3. Create opportunities for giving.

As mentioned earlier, giving is not something that can only be linked to financial support. By making it a regular practice in our homes, we can consciously instill these values into our future generation. 

An effective way of ensuring this is to keep it in running practice on a daily, bi-weekly, weekly or monthly basis. You may seek opportunities to feed the poor, donate clothes and blankets (now that winter is here), help orphans, the sick, and others who are in need of any form of help (including family and friends under debt), etc. Even removing the trash or a harmful object such as a stone from the pathway is an act of charity.

The Prophet, peace and blessings be upon him, said:

"A man's spending on his family is a deed of charity."

(Sahih al-Bukhari)

By introducing these ideas and opportunities to our children, parents encourage them to look out for similar opportunities for volunteering.

4. Make it a family activity.

Sit down together. Make it a fun family activity. Every member can choose to contribute however much and in whatever form or quantity they find befitting.

For young children, you can find inspiration with craft projects, such as making a charity jar or visiting an orphanage. You may also seek opportunities they can easily relate to. Another way to support the notion of empathy could be towards animals by feeding them or adopting one from the shelter. 

For older children and teens, encourage them to take the lead on a volunteer drive and have their friends join in the activity, too. This will help keep them motivated.

It is important to also remember to express your feelings in front of your children when you perform charity in any form. This allows children to understand the underlying spiritual and emotional benefits and make sense of what it actually means to feel spiritually uplifted and connected to our creator. 

5. Keep your intentions clear.

We must not forget that the focus must always be on the intention to do good and to seek only Allah’s pleasure through performing the act of generosity. This is a point that should be made clear to your children as well. 

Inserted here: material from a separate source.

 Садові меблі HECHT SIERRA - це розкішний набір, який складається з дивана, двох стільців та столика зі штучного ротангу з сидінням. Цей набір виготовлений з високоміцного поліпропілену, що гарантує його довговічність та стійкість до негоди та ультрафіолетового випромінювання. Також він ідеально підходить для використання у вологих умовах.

Participating in charitable activities just to be seen doing so offers no benefits to the believer. The Prophet, peace be upon him, said:

“A crafty one, a miser, and one who keeps reminding people of what he has given, will not enter Paradise.”

(Tirmidhi)

6. Be patient.

Patience and modeling on your part will go a long way toward helping your children develop a spirit of generosity and to discover that giving can be the best gift of all. It is important to remember to keep calm and not overwhelm your children in the process. The objective is to normalize the act and make it real rather than making it seem burdensome or stressful.

With youngsters, it is normal for them to be reluctant to donate their time, toys or other possessions. Remember to go slow and try to keep them involved in some way or the other.

In conclusion, it is important to remember that the goal is to make the process of giving a natural part of our children’s lives and one that they will cherish and revisit based on the memories and positive associations from their childhood. When our children are nurtured in an environment that stresses doing good, spreading kindness, and being generous, these attributes are instilled in their personalities and they are more likely to grow into kind, loving, and giving adults.

For it is a good deed that never ends.

Our beloved Prophet Muhammad, peace and blessings be upon him, said:

"When a man dies, his deeds come to an end except for three things: Sadaqah Jariyah (ceaseless charity); a knowledge which is beneficial, or a virtuous descendant who prays for him (for the deceased)."

(Muslim)

Umm Ahmed is an early childhood educator and writer who is passionate about seeking knowledge and passing it onto others. She and her husband are parents to three boys and are currently living in Abu Dhabi.